Another factor Stoker noted is that the martian orbit is slightly noncircular. Currently, when it is summer in the north Mars is furthest from the sun, the time of year when Mars is closest to the sun changes over time and goes through a complete cycle in 50,000 years. So, in 25,000 years, the northern summer will occur when Mars is closest to the sun. That effect alone will increase the amount of sunlight in high northern latitudes by roughly 50 percent, according to Stoker.

“The near-surface ground ice at the Phoenix landing site could have become warm enough to melt as recently as 25,000 years ago, and these melting periods recur on 50,000-year cycles,” Stoker noted. “So, that region is possibly habitable for periods of time lasting a few thousand years, separated by periods where it is too cold, lasting roughly 50,000 years or so,” she added.

“Phoenix will be looking for evidence that the ice has melted in the past, but the evidence may not be easy to figure out,” Stoker said. “The most definitive thing is the amount of ice we find. What fraction of the material we find under the surface will be ice?”

Water can condense directly from vapor into the soil, but only enough to fill the pore spaces. The only way to produce a higher concentration of ice is for a melting cycle to occur, according to Stoker, and if there were enough ice, that fact would suggest the region must have been warmer in the past, she said.
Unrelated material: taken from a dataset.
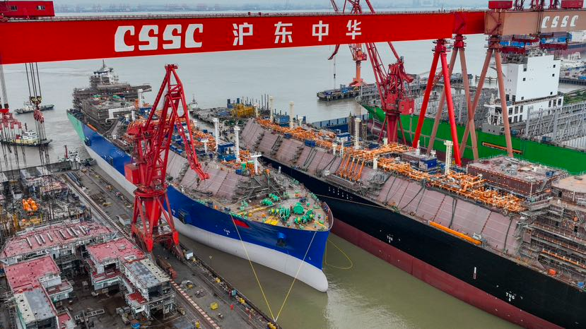這是繼3月24日,再度呈現(xiàn)四船并建、兩船出塢、兩船起浮的盛景,且塢期同比縮短了近20%,達(dá)到世界先進(jìn)水準(zhǔn)。標(biāo)志著滬東中華大型LNG船塢內(nèi)四船并列半串聯(lián)建造模式進(jìn)入了批量化、常態(tài)化、標(biāo)準(zhǔn)化、節(jié)拍化新階段,LNG船產(chǎn)能倍增戰(zhàn)略邁向全面提速新境界。

Principal Investigator Peter H. Smith of the University of Arizona, Tucson, leads the Phoenix mission. Project management is being led by NASA’s Jet Propulsion Laboratory, Pasadena, Calif. Lockheed Martin Space Systems, located near Denver, Colo., is designing and building the spacecraft and will provide Mars space flight operations for Phoenix. The University of Arizona, the Jet Propulsion Laboratory, the Canadian Space Agency, the University of Neuchatel (Switzerland), the University of Copenhagen and the Max Planck Institute in Germany built instruments for Phoenix. JPL is a division of the California Institute of Technology in Pasadena.